PROBLEM TO WORK ON
As soon as the line containing "[ 한국미디어뉴스 이원영" appears, start repeating lines exactly and continue to the end of the entries; please skip pictures.

TASK INPUTS
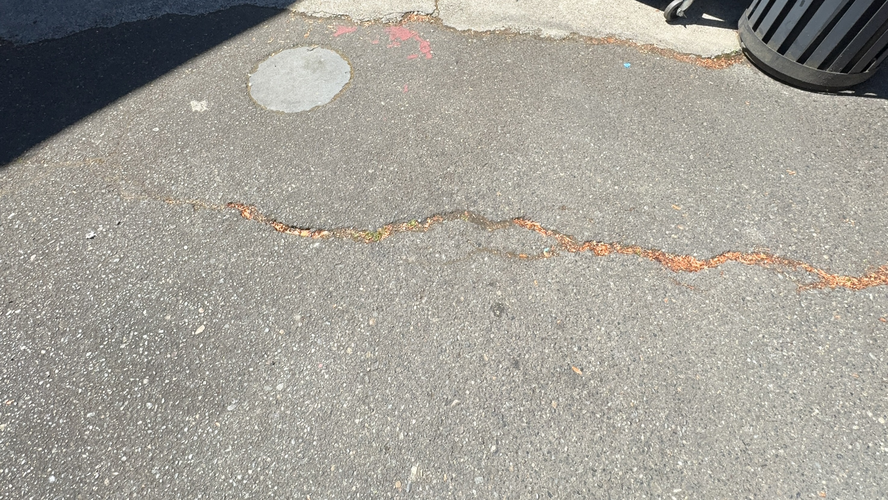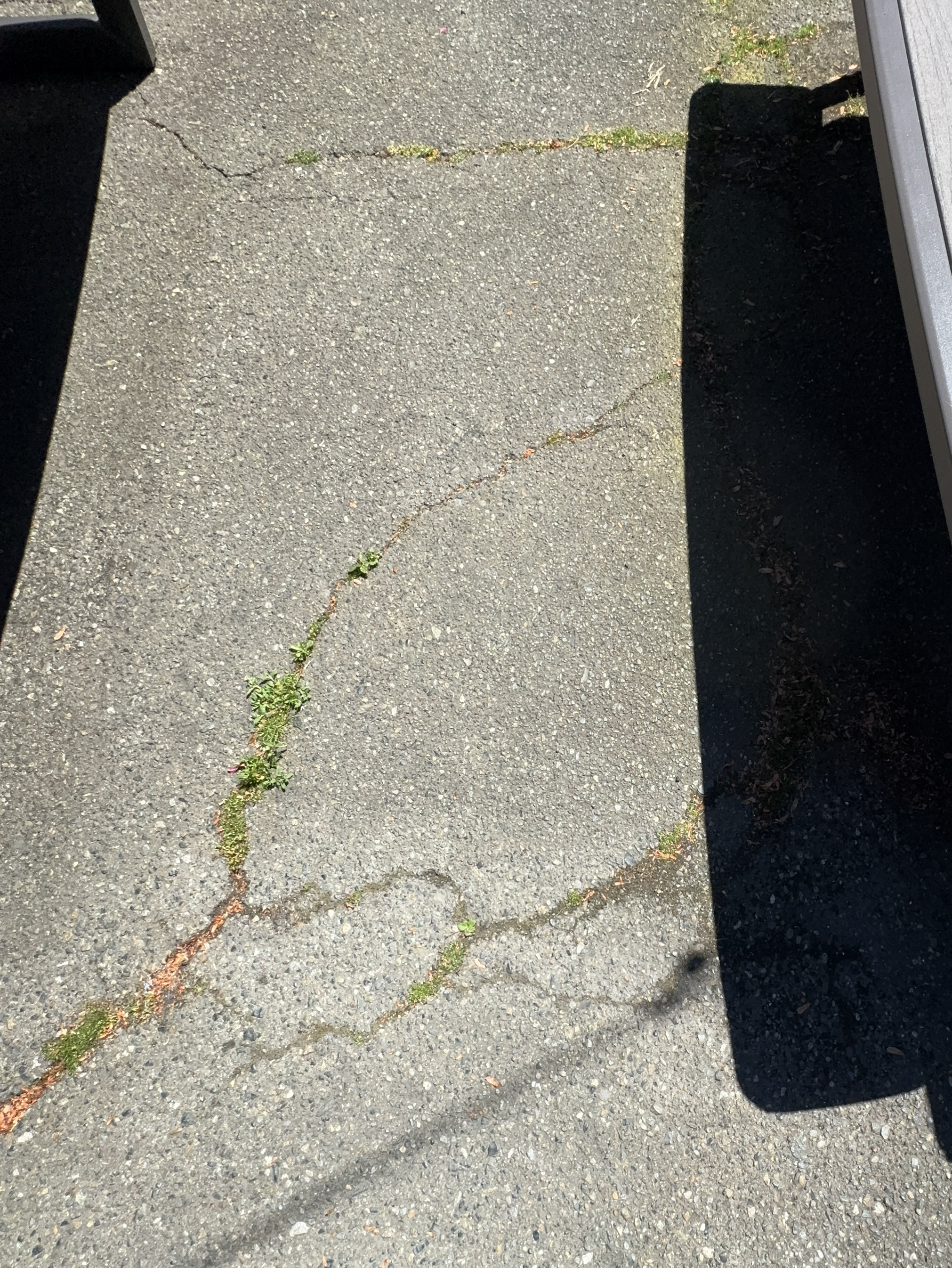 Front walk shows cracks with the potential for trip hazards. This is a safety concern. We suggest consulting with a qualified paving contractor for possible repair or re-paving options to improve safety.
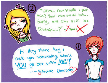 (1) «П-привет. Можно кое-что спросить? Пойдешь со мной на свидание?» – Шейн Доусон (2) «Э-м-м, как бы мне лучше сказать. Ты классный и все такое. Но может, останемся друзьями?..» – Девушка
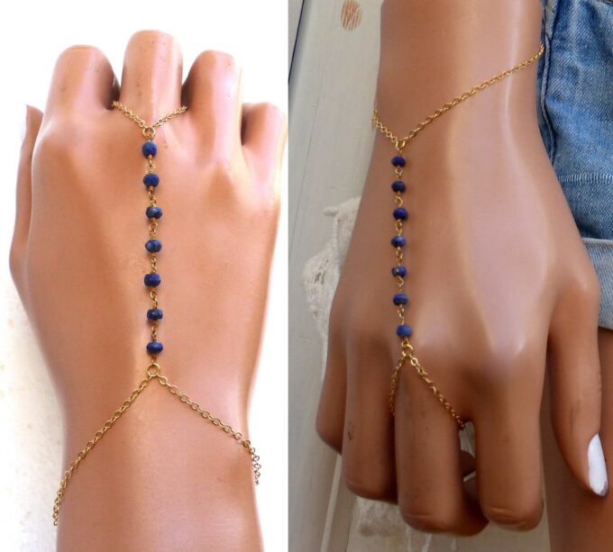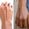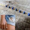 Ajoutez une touche bohème à votre tenue avec ce Bracelet bague – chaine de main plaqué or lapis lazuli composé de petites Pierres en Lapis Lazuli brut montées sur fil plaqué or et terminé par un fermoir rond à ressort, sûr et facile d’utilisation.
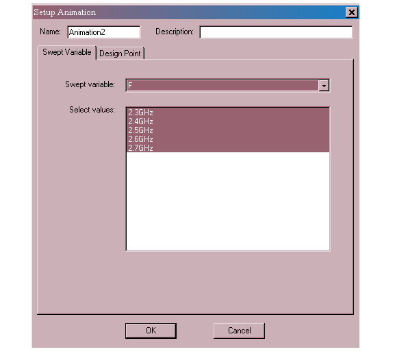 3. Accept the default name and change the swept variable to “F”. 4. Click OK and the animation begins. 5. Click Close when finished. 6. Save the project and exit Designer. HFSS视频教程 ADS视频教程 CST视频教程 Ansoft Designer 中文教程 |
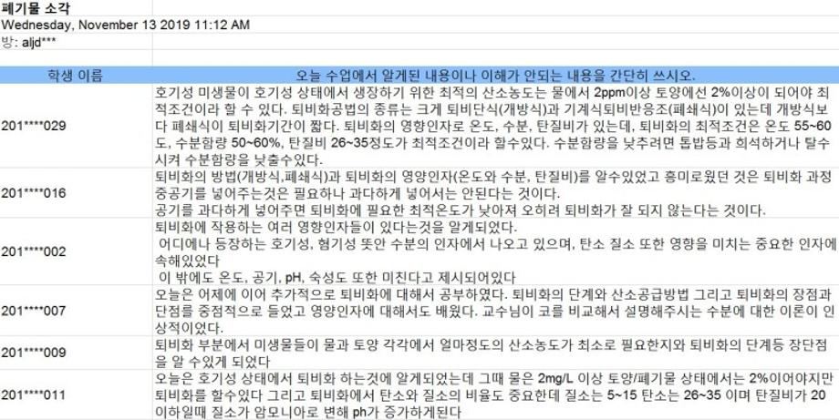 이공계 특성상 학생들과의 쌍방향 소통에 어려움이 있어 항상 고민이 많으셨던 바이오환경공학과 윤석표 교수님께서 대안으로 세미나에서 소개받은 여러 가지 앱 가운데 “Socrative”를 전공수업(바이오환경공학과 2학년 “폐기물 소각”수업, 담당교수:윤석표)에 적용하여 학생들과 쌍방향 소통을 진행하셨습니다. 그 결과는 바이오환경공학과 블로그에서 확인하실 수 있습니다 :)
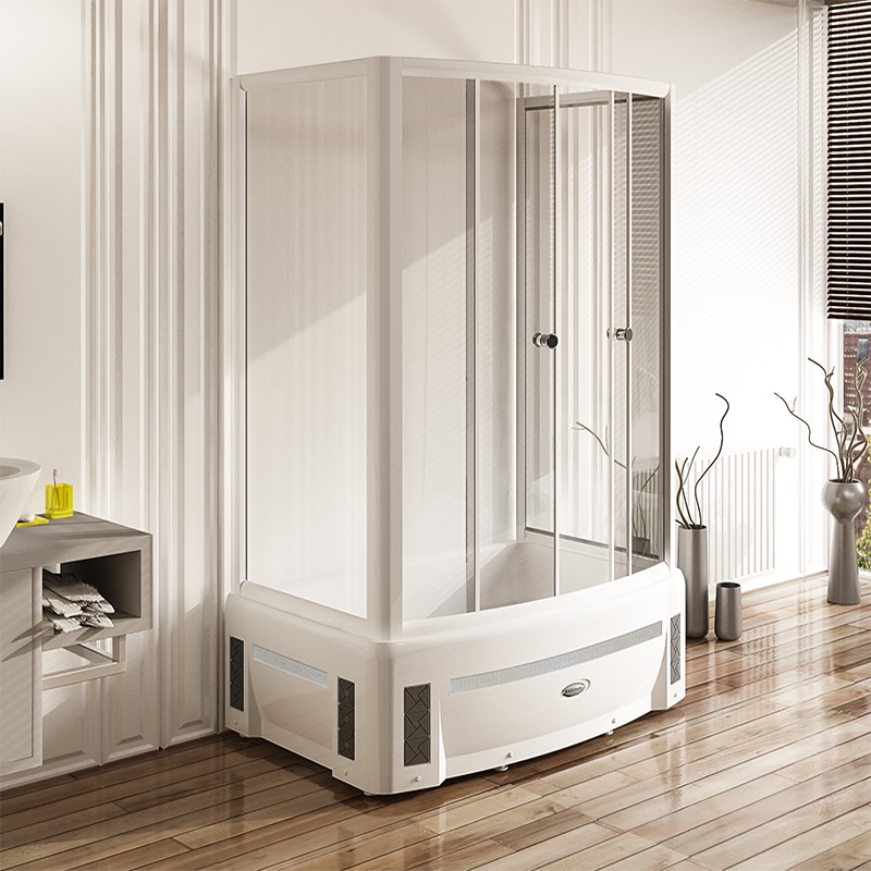 Прямоугольный душевой уголок Radomir Диана 140x95 1-03-1-0-0-0140 оснащен раздвижными дверцами с прозрачным стеклом и белым профилем. Он отлично впишется в интерьер любой ванной комнаты. В комплект входит высокий поддон с противоскользящей поверхностью, изготовленный из высококачественного акрила. Экран для поддона украшен орнаментом.
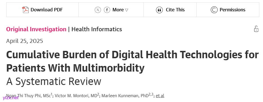 Phi NTT, Montori VM, Kunneman M, Ravaud P, Tran VT. Cumulative Burden of Digital Health Technologies for Patients With Multimorbidity: A Systematic Review. JAMA Netw Open. 2025 Apr 1;8(4):e257288. doi: 10.1001/jamanetworkopen.2025.7288. PMID: 40279126; PMCID: PMC12032558.
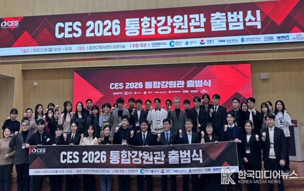[ 한국미디어뉴스 이원영 기자 ] 강원특별자치도는 12월 8일 춘천 ICT벤처타운에서 ‘CES 2026 통합강원관 출범식’을 개최하고, 내년 1월 미국 라스베이거스에서 열리는 세계 최대 IT·가전 전시회 ‘CES 2026’ 참가 준비에 본격 돌입했다.
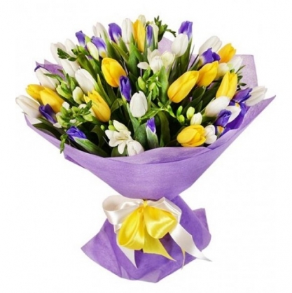 Букет "Три желания" из тюльпанов, ирисов и фрезии | Купить в Химках
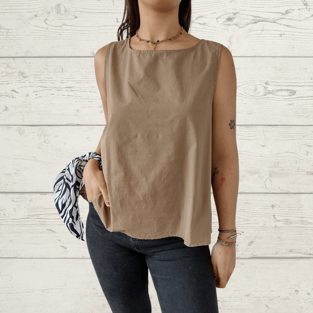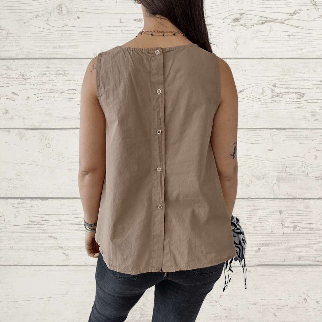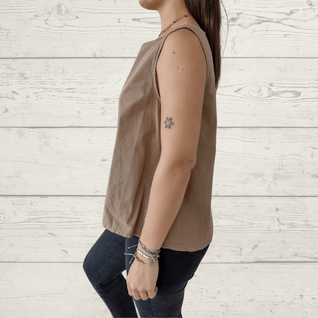 Blusa Italiana de algodón, sin mangas con botones en la espalda, color tostado
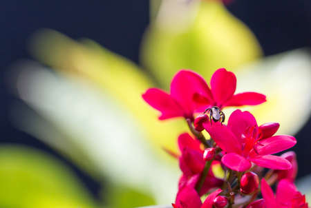 Giant red bug insects is climbing flowers of blooming weeds. After the rain and dew in the morning

SOLUTION
[ 한국미디어뉴스 이원영 기자 ] 강원특별자치도는 12월 8일 춘천 ICT벤처타운에서 ‘CES 2026 통합강원관 출범식’을 개최하고, 내년 1월 미국 라스베이거스에서 열리는 세계 최대 IT·가전 전시회 ‘CES 2026’ 참가 준비에 본격 돌입했다.
 Букет "Три желания" из тюльпанов, ирисов и фрезии | Купить в Химках
 Blusa Italiana de algodón, sin mangas con botones en la espalda, color tostado
 Giant red bug insects is climbing flowers of blooming weeds. After the rain and dew in the morning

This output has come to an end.